Over at SCOTUSblog in this post titled "Argument preview: Category is: the categorical approach," Leah Litman sorts through the arguments made by the petitioner and the government. Here are parts of the start and the end of her intricate discussion:
Most of the Supreme Court’s ACCA cases address the meaning of ACCA’s various definitions of “violent felony.” But Shular’s case concerns the meaning of an ACCA provision that defines “serious drug offense.” In Section 924(e)(2)(A)(ii), Congress defined a “serious drug offense” to include an “offense under State law, involving manufacturing, distributing, or possessing with intent to manufacture or distribute, a controlled substance … for which a maximum term of imprisonment of ten years or more is prescribed by law.”
The probation office determined that Shular’s prior Florida convictions were serious drug offenses and recommended that Shular be sentenced under the ACCA. Shular objected, arguing that Congress defined “serious drug offense” as a series of generic offenses (manufacturing, distributing or possessing with intent) that do not match Florida’s drug offense. (Specifically, Shular argued that the generic definitions of the drug offenses contain mens rea, or criminal intent, elements, while Florida’s drug laws do not.)....

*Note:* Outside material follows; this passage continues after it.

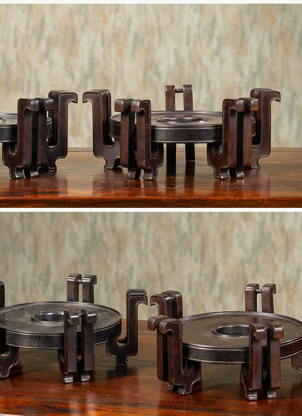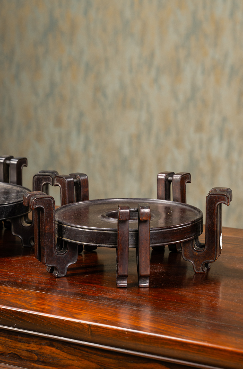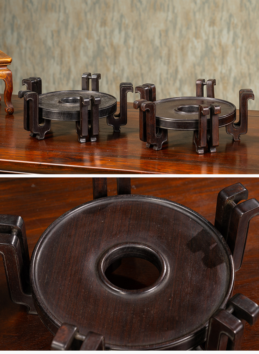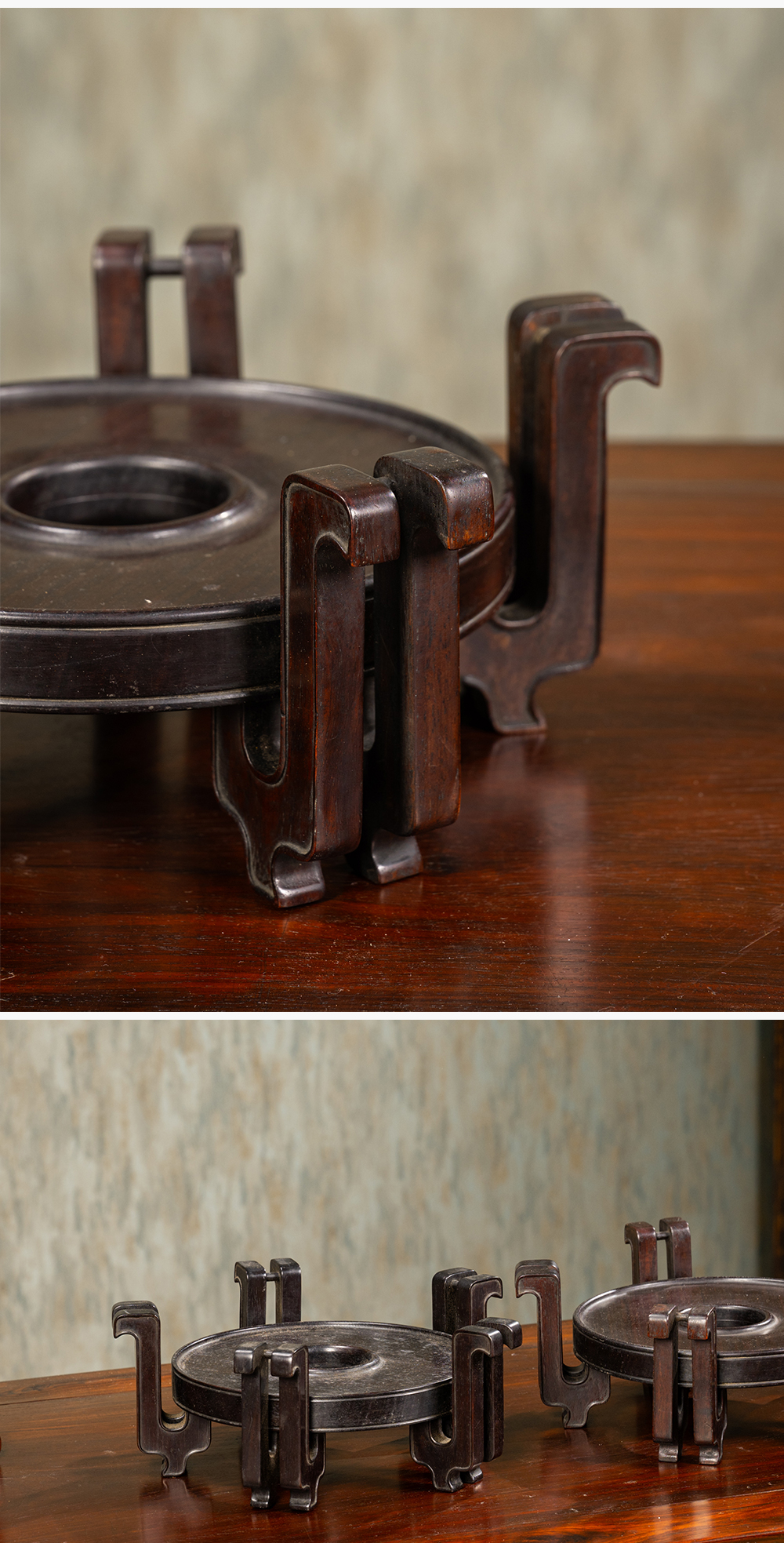 清 青金石嵌绿松石莲花盖盒(红木座)

There is a good amount of text and structure for the Supreme Court to work with in this case. But the court may be interested in the implications of both sides’ interpretations. Shular is offering the court a tried-and-true approach that has come under fire in recent years. The government is asking the court to venture into new terrain, but also does not want the court to consider some of the harder questions and greyer areas that might result from the government’s approach. Oral argument could allow the justices to test out how the government’s proposed interpretation might work.